Error in streaming

I have been using deepspeech where the sound blob was recorded to the full and then sent to the backend for inference. However, this is not instantaneous. Instead, I planned to use real time streaming. However, it seems the accuracy is reducing with streaming.
Could you please explain why is it so and how it can be improved?

That’s not expected, please give more context.

One particular thing about streaming you should make sure to get right is not to drop any samples during the transcription process. The streaming process happens in batches of 16 time steps/320ms, so in those bursty periods you can sometimes drop recorded samples, specially if you’re recording and transcribing in the same thread. Use threads and a queue.

Well, for eg:

“note down in diagnosis acute myeloid leukaemia”

works great if the whole file is given

In case it’s streaming, it is like
“note down in diagnosis”
“take note in”

Instead of “acute myeloid leukaemia” ? What’s your accents? It’s very much likely a case of domain-specfic words not well learnt, maybe with non american english accent, and what @reuben mentionned can also have a play here.

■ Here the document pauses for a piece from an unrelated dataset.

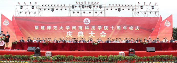 11月16日上午,闽南科技学院隆重举行建院十周年庆典大会。省委教育工委副书记、省教育厅党组成员郭绍生,省侨办党组成员、纪检组长闵蕙君,省侨联副主席谢小建,泉州市委常委、宣传部长、教育工委书记陈庆宗,菲律宾菲华各界联合会名誉主席、闽南科技学院董事长戴宏达,南安市人民政府代市长王春金,菲律宾菲华商联总会名誉董事长、前菲律宾总统特命大使、菲律宾中正学院董事长黄呈辉,闽南科技学院常务副董事长戴新民,莆田学院党委书记郑才木,福建信息职业技术学院党委书记黄锦平,泉州师范学院副校长林华东,福清分校校长陈盛,以及爱体育网_爱体育网(中国)校长黄汉升、原党委书记苏玉泰、副校长许明、凌启淡等领导和嘉宾出席庆祝大会。

I get it. However, before prodution, I’m working with the example at “mic_vad_streaming”. However, I understand using threads would help in production so that the recorded files aren’t lost. Although I’m not sure DJango (I’m using django powered API) allows threading. Nonoetheless, that’s beyond the scope. Still, I shall try and use two threads, one for recording the other for transcribing and any issues I get there, I shall follow-up with you in this thread,

This is the design that we used as well in several tools using Streaming API, and it works quite well. With Python, you might want to use multiprocess though, threads are not always the best solution in this environment.



My accent is Indian English and I’ve trained on about 80 hrs of data, from the existing model (0.5.1). And the loss settles to around 12.3, with WER around 8%. Of these 80 hrs, 65 hrs data is of general Indian english and 15 hrs of domain specific voice in Indian English Accent.

@lissyx, could you please clarify if the voice model is trained decently and then I add new words to the language model, will that cause a big issue in the accuracy (For example, if lets say “alzheimer’s disease” was not in original LM, but added in updated LM, isn’t it expected to work great too?

Yes, that’s a legit point.

Thanks a lot. Shall keep in mind and update accordingly. Thank you.
Looking forward to your reply on the previous point (about LM)

That might be enough, or not, I’m unsure. Be careful about noise, etc., as well.

At least you have some data, if it’s enough or not, I don’t know. That depends on how you augmented / defined your test set, to know if the WER figures you have are accurate.

That might be a good help. Unfortunately we don’t yet have an API to add domain-specific LM on top of generic LM.

Thank you. I understand it’ll not be possible to provide an answer on whether the dataset is enough or not.

I think you got me wrong. I mean, I’m creating my own domain specific LM, with sentences, lets say like: “Note in diagnosis query acute myeloid leukaemia” and the same is also having a voice model
Now, I’m recreating another LM (I have the existing .txt file, where I’m adding new lines and creating LM from there) add adding some new lines, one of them being:
“record in diagnosis alzheimer’s disease”
Now, the AI model has never heard someone pronounce “alzheimer’s disease”. Will it be a problem? I believe AI is expected to work with unheard words as well. Right?

I just tested my model with the original LM (from Deepspeech) and following is the output:

Original sentence: “Can you hear me”

In case the whole sentence is translated, Deepspeech output: “Can you hear me”
In case the sentence is translated in parts via streaming, Deepspeech output:
part 1: “Can you”
part 2: “here me”

I believe the LM is at play on selecting between “here” and “hear”. In streaming its not getting the reference. Or am I missing something?

Streaming should pick up the context, as much as I remember. Maybe @reuben can correct me on that ?

Also, what version are you running?

Up to the point that the model has been trained enough to be able to generalize correctly.

So you only have your sentences in the LM, right? You don’t re-use our LM and add your own data ?

That would be really helpful. In case streaming does pick-up reference, I might’ve been digging the wrong hole… @reuben if you can kindly enlighten

Got it.

I’m using my custom LM, with only my sentences in the LM and not re-using your LM.

Although I feel I would have to reuse your LM for generalizing some stuffs (so there, I’ll use your .txt file and add lines from my.txt file and generate a new LM, or use interpolation for LM_deepspeech & LM_custom_generated_by_me).

Hi @reuben looking forward to your feedback on this

I’m pretty sure streaming mode should give you the same result as legacy mode. If it breaks the long sentence into pieces, maybe you have VAD somewhere.